Dr. P and his wife Natalia (who is the head neurologist for the province) treat me like one of their family. We then go over his Revival Rehabilitation Centre. It’s truly an island of brightness and hope in the midst of a gray and murky society whose health has been violated by the nearby Chernobyl nuclear power plant accident 23 years ago. The effects are still there. The center is a contrast as it offers hope, healing, happiness….you immediately see it. It is an amazing contrast to the environment around. And anyone who gets to know Dr. P knows it well. He absolutely loves children and is so concerned about their health.
He now has a stand-in director Svetlana Mikolayevna Chorna, a striking and competent woman in her late 30’s. He is so happy with her….she is a fast learner and a big help to him. She came in and we talked about half an hour.
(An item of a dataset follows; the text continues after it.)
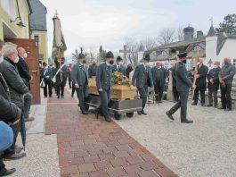 „Die Kraft und Energie für seine Aktivitäten hat Georg Bauer seiner Herkunft vom Weberbauer in Kraimoos zu verdanken. Sein Zuhause und sein Familienglück förderten seine vielen Talente und Fähigkeiten“ – so Pfarrvikar Grengel, der noch daran erinnerte, dass Georg Bauer mit seiner Frau Monika 43 Jahre zusammen war und dass er für seine drei Kinder und für das erst vor wenigen Monaten zur Welt gekommene Enkelkind ein stolzes Familienoberhaupt war. Sein beruflicher Werdegang begann –wie bei seinem Vater – mit einer Maurer-Lehre an der Fachoberschule Rosenheim, es folgten das Ingenieur-Studium an der Fachhochschule München und die Selbstständigkeit mit einem Büro in seinem Zuhause. Die musikalische Gestaltung in der Kirche und auf dem Friedhof übernahmen die mit rund 50 Musikanten spielende Musikkapelle Bernau unter der Leitung von Dirigent Albert Osterhammer sowie bei der Trauerhalle eine Hornisten-Gruppe.

I just love the pace. Everyone is so kind with their time and treats me like I’m some very special visitor. I don’t think of myself as that since I’m not a medical professional, however, I do know that with many others, LifeNets has been a significant part of the development of this Center for children.
Then we went over to the woman in charge of the overnight children. Again, a bright positive and team member of “Revival.” Everyone in this place KNOWS that thye are part of a team of professionals who make a difference…
Their staff is now more than 115. Of that there are 18 Natasha’s! Only two Victor’s and one Ivan. That’s strange.
A dinner is prepared at the Center and served by one of the staff who works as a lawyer. A very pleasant lady by the name of Julia. Her mother Galina actually manages of one of the sections of the rehabilitation center, but she is in the hospital with kidney stones. We all plan to go to the hospital to see her. I remember Galina well. A woman with a great sense of humor.
Dinner was as usually with too much of too many things. We talked till about 9 pm and then took Julia home. It’s been raining. Then we went back to Pasechnik’s apartment on the ninth floor of an old building. There are two dangerous appearing elevators. One is very small and the other is large. The large has been inactivated because they say it’s been breaking down a lot and leaves people in it for long periods of time, hours, as it’s being repaired. The three of us pack into the little one. They say that they often walk the nine floors up, but it’s been harder to do.
At the apartment we talk some more, watch the news in Ukrainian from Channel One Kiev and go to bed. Wow.